ACTION ITEM -> Copy the data exactly from the line that contains "We expect that" through the line that contains "Lush tropical landscaping", keeping both end lines and leaving out everything else.

*** INFORMATION PROVIDED ***

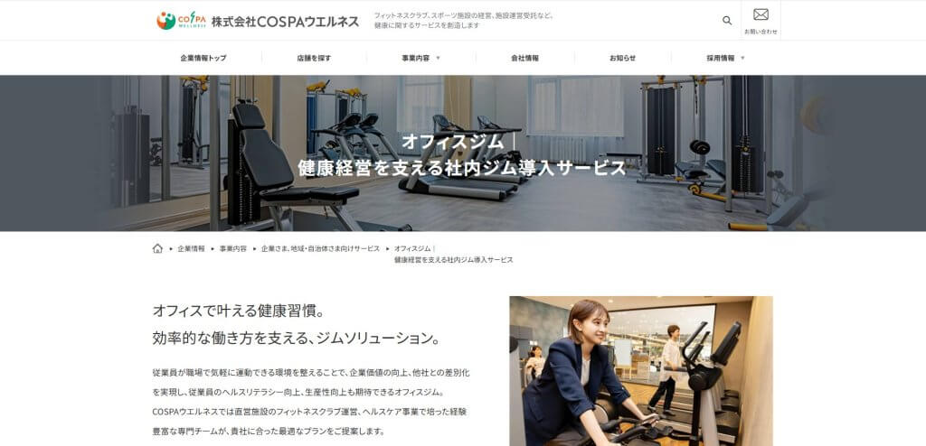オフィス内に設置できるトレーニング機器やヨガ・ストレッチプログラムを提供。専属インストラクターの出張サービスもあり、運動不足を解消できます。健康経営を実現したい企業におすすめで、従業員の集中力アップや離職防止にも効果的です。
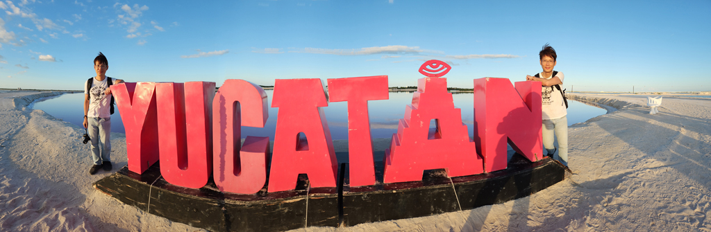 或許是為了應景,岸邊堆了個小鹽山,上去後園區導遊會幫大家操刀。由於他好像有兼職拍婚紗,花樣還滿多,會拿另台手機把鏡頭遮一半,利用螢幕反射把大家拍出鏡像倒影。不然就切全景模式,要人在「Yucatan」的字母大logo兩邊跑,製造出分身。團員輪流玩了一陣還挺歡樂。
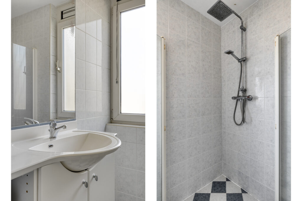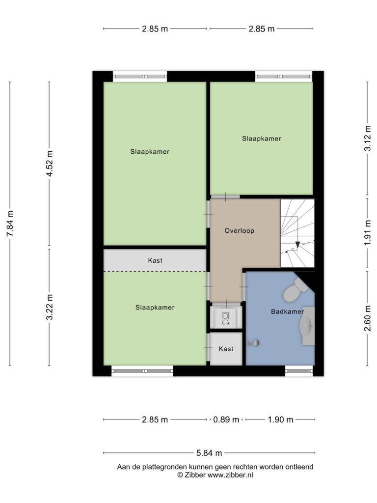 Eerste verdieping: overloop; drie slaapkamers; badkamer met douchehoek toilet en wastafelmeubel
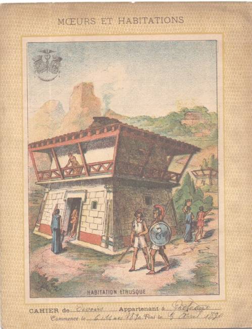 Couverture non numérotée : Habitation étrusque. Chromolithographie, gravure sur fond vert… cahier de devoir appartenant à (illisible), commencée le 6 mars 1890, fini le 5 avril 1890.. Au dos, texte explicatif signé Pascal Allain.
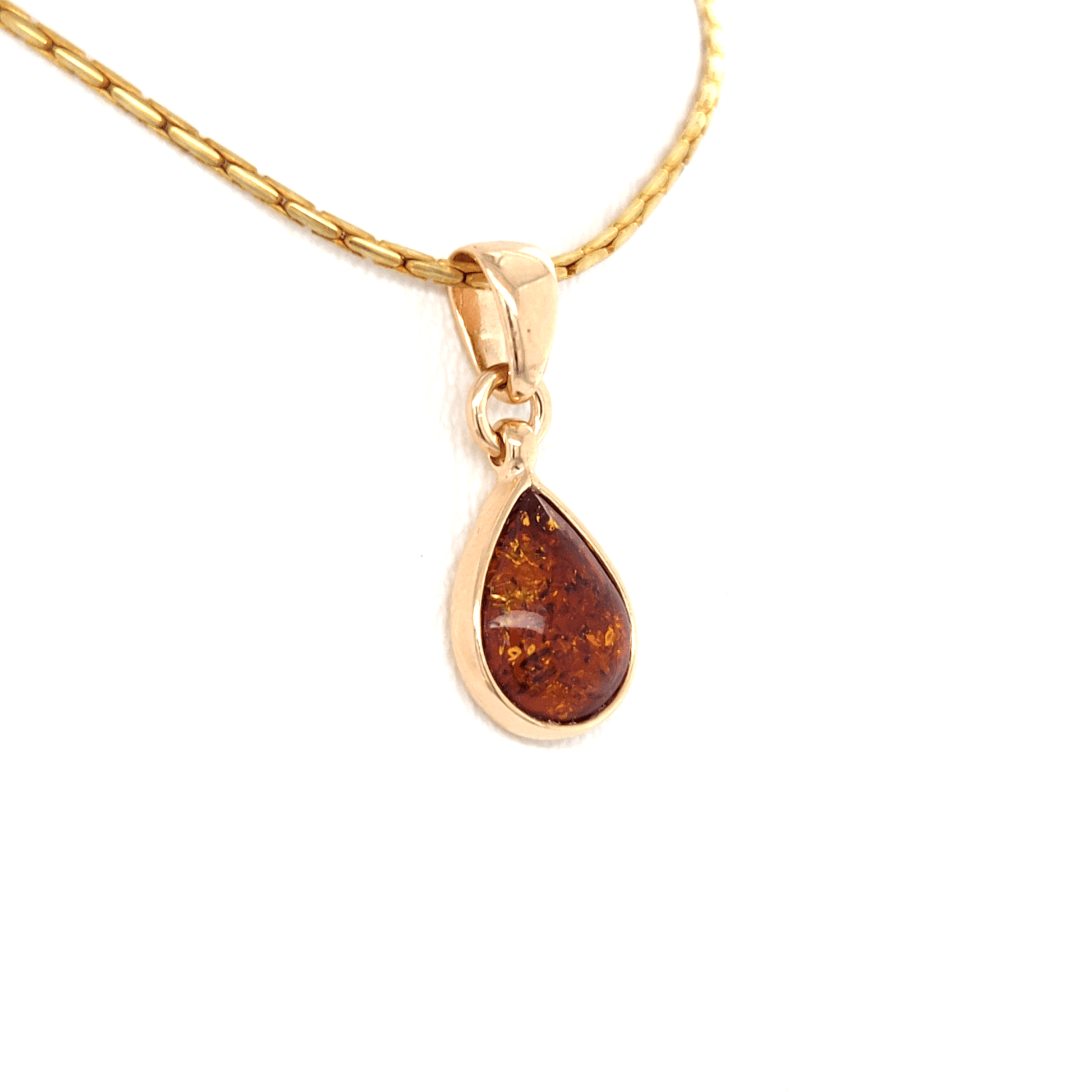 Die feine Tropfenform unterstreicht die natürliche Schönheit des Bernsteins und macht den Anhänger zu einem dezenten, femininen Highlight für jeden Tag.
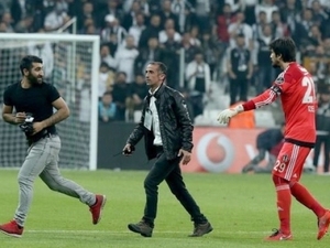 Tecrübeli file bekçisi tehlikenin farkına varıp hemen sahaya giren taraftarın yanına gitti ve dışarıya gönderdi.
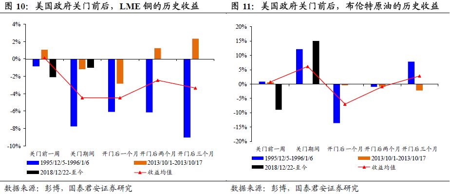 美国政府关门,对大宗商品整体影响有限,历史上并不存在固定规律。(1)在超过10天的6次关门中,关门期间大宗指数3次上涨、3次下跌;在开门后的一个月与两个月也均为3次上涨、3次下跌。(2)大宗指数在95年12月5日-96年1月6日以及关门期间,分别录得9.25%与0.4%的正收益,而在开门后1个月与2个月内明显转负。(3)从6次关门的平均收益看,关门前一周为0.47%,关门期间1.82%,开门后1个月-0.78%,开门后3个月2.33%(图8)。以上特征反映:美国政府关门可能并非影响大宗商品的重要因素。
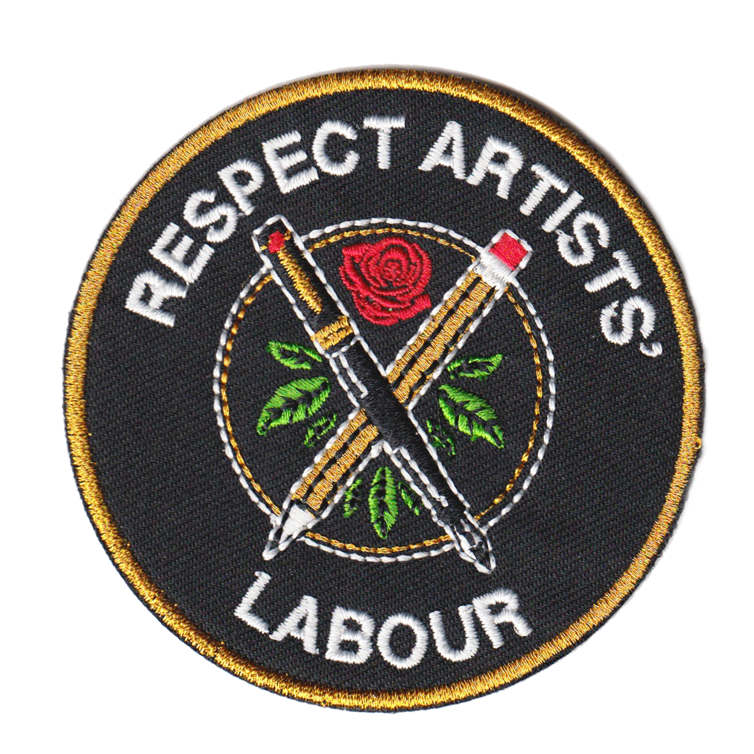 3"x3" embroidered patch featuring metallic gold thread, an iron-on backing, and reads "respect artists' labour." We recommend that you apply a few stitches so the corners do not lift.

***
*** INFORMATION PROVIDED ***

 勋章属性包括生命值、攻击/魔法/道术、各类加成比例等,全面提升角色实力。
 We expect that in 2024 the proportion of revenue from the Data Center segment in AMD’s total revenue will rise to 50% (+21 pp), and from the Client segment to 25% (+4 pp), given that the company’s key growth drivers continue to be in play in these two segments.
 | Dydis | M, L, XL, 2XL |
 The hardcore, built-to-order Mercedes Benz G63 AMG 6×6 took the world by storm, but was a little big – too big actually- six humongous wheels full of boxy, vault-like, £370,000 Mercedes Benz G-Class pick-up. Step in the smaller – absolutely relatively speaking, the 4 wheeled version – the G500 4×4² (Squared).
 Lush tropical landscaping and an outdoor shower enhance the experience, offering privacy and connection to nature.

***

SOLUTION BELOW ->
 We expect that in 2024 the proportion of revenue from the Data Center segment in AMD’s total revenue will rise to 50% (+21 pp), and from the Client segment to 25% (+4 pp), given that the company’s key growth drivers continue to be in play in these two segments.
 | Dydis | M, L, XL, 2XL |
 The hardcore, built-to-order Mercedes Benz G63 AMG 6×6 took the world by storm, but was a little big – too big actually- six humongous wheels full of boxy, vault-like, £370,000 Mercedes Benz G-Class pick-up. Step in the smaller – absolutely relatively speaking, the 4 wheeled version – the G500 4×4² (Squared).
 Lush tropical landscaping and an outdoor shower enhance the experience, offering privacy and connection to nature.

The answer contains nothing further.